LESLIE: (chuckling) And you know that people always want to borrow everything that we've got in our garage. (chuckling)
TOM: Yeah, exactly. I have a question for you. Have you ever bought a power tool just because you had a spot on the pegboard for it to fit?
LESLIE: (chuckling) Just you had that right spot?
TOM: Yeah, exactly.
LESLIE: You might not have a need for it but some day ...
TOM: That's the kind of collections that we have. (laughing)
LESLIE: ... you are going to. And you know what? It's always good to be prepared. That's what I always say when I'm in the home center. 'I might need this one day.'
Alright, I know it's August. You're hot. It's hot in your house. Maybe you've just had it with the heat. But it's really actually the best time of year to think about the heating of your home. And I know you don't even want to think about it. You're hot enough already. But take our advice. Do it now. It's the perfect time to check the things like attic insulation and leaks around your windows and doors.

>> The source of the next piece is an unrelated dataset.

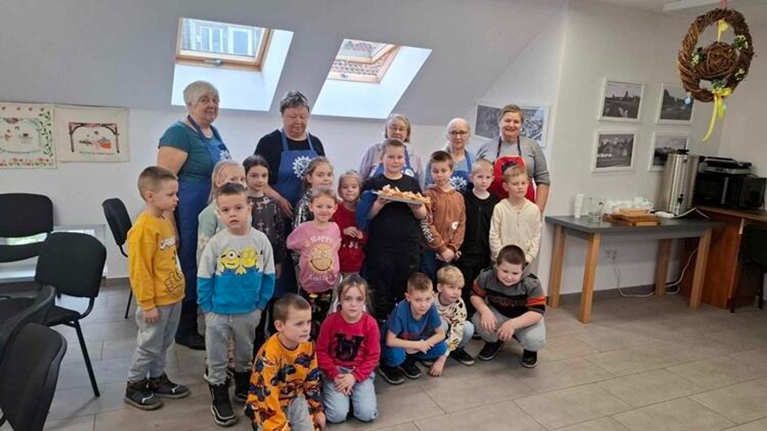 Tłusty Czwartek przypada w ostatnim tygodniu karnawału - w tym roku 27 lutego. Tradycja nakazuje, aby tego dnia zjeść chociaż jednego pączka. Grupa „Pszczółek" i "Jeżyków" miała okazję zapoznać się z tradycją Tłustego Czwartku już we wtorek. kiedy to została zaproszona do Koła Gospodyń Wiejskich w Młynarach na wspólne smażenie chrustów. Dzieci pod czujnym okiem Pań z Koła miały możliwość wykrajania ciasta oraz ulepienia pysznego chrusta. Punktem kulminacyjnym spotkania była wspólna degustacja wypieków.

If you want a complete list of where to look and how to get your home ready for the winter - because believe it or not, it's going to be here before you know it - you want to visit MoneyPit.com and click on Repair and Improve. And you can also search the site for specific topics and projects that you might have in mind or think about doing for the home. And actually, our attic insulation tip is part of our August Weekend Monthly Maintenance Projects that you can find right on MoneyPit.com. It'll keep your house in tiptop shape and it's right there on the homepage. So good advice. Good projects. We're going to keep you busy.
TOM: 888-666-3974. Leslie, who's next?
LESLIE: Joe wants to talk kitchen lighting. What can we help you with?
JOE: Yes, I'm a new homeowner.
JOE: And - thank you. And we've been in our home for about a year now and it's about 12 years old. And one of the things that it came with, in the kitchen, instead of recessed lighting was a fluorescent light.
JOE: And it has trusses, I know, underneath the ceiling and I'm looking to replace that with a round of maybe five or six recessed lights. And I'm just wondering what steps you'd suggest.
TOM: Well, it certainly can be done. It requires a bit of finesse because the electrician has to - the first thing is to locate those lights. And generally, when you're trying to locate those lights you try to figure out where you would really like to have them and then you discover that it happens to be a truss right above it and then you make some adjustments. So figure out where you want the lights. Do a little bit of investigation to figure out if you are trying to place them right where a truss is. You can do that with a stud finder and that'll tell you where the ceiling joists are or the trusses are. And then you cut the holes. Once you have them in place then it's a simple matter of snaking the wiring, starting with the circuit that you have right now, to each of those high hat lights.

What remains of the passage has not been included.